-- Supplied material follows --
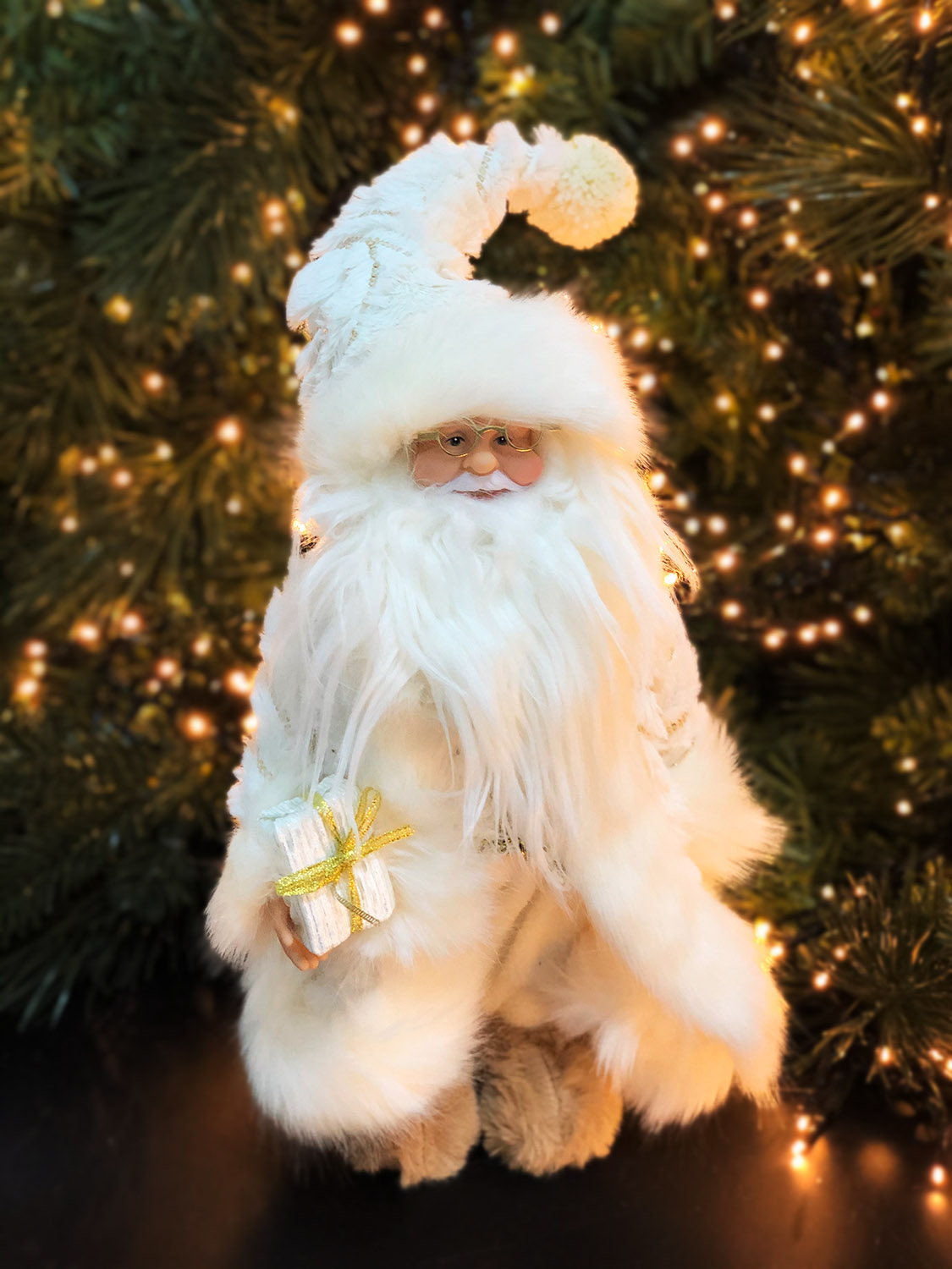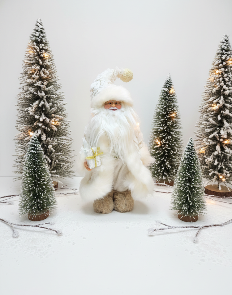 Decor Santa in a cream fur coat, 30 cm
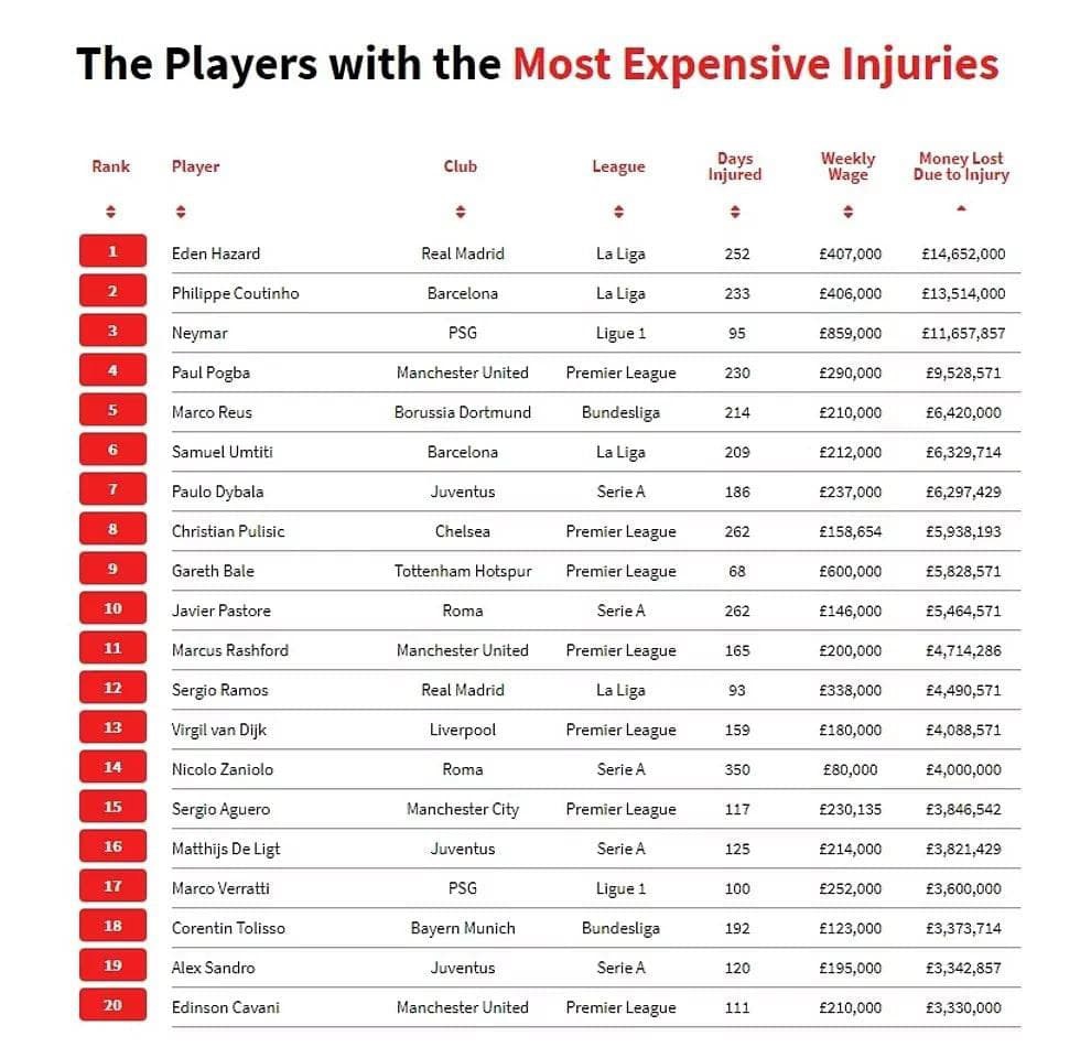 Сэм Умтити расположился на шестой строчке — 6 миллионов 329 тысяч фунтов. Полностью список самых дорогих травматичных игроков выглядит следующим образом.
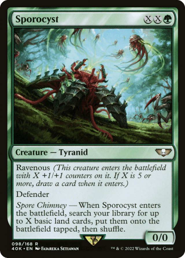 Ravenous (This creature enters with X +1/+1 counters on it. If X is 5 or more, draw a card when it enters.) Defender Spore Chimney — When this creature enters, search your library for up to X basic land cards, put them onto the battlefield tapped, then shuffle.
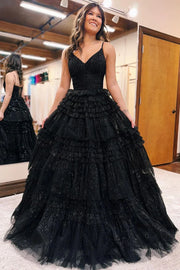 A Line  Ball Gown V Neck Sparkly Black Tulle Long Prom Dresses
-- Supplied material concluded --
Try it: Please copy the lines above, starting at the one that holds "Ravenous (This creature" and stopping after the last line, exactly as they appear and minus the pictures.

Response to this task:
 Ravenous (This creature enters with X +1/+1 counters on it. If X is 5 or more, draw a card when it enters.) Defender Spore Chimney — When this creature enters, search your library for up to X basic land cards, put them onto the battlefield tapped, then shuffle.
 A Line  Ball Gown V Neck Sparkly Black Tulle Long Prom Dresses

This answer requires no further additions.